(Information supplied):
▬▬▬▬▬▬

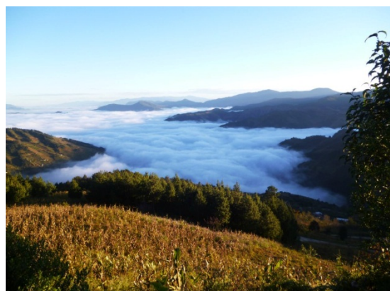
Paisajes que se podían admirar de regreso
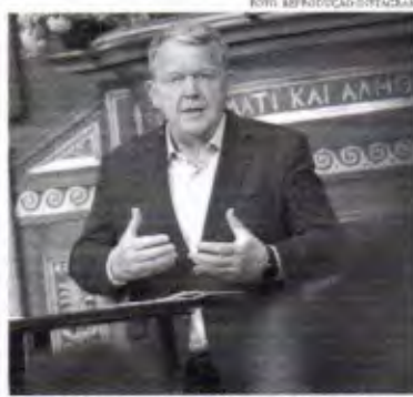
O ministro dinamarquês acredita que a cúpula não deve contar apenas com aliados da Ucrânia

te lembrar que, após a reunião do G7, no Japão, o presidente Lula, que participou do evento como convidado no último fim de semana, reforçou que mantém seu posicionamento sobre o conflito no leste europeu. "Ouvir atentamente o discurso do Zelensky no encontro. Ele certamente ouviu o meu discurso atentamente no encontro. E se continuou com a mesma posição que estava antes", disse o líder brasileiro. Há meses Lula tem defendido a criação de um grupo de países neutros que tenham interesse em mediar uma so-
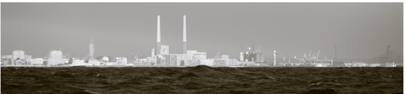
Euh... Le Havre ?

▬▬▬▬▬▬

(What you need to do):
To complete the exercise, return the listing above exactly and omit its pictures.

(Completed exercise):
Paisajes que se podían admirar de regreso
O ministro dinamarquês acredita que a cúpula não deve contar apenas com aliados da Ucrânia

te lembrar que, após a reunião do G7, no Japão, o presidente Lula, que participou do evento como convidado no último fim de semana, reforçou que mantém seu posicionamento sobre o conflito no leste europeu. "Ouvir atentamente o discurso do Zelensky no encontro. Ele certamente ouviu o meu discurso atentamente no encontro. E se continuou com a mesma posição que estava antes", disse o líder brasileiro. Há meses Lula tem defendido a criação de um grupo de países neutros que tenham interesse em mediar uma so-
Euh... Le Havre ?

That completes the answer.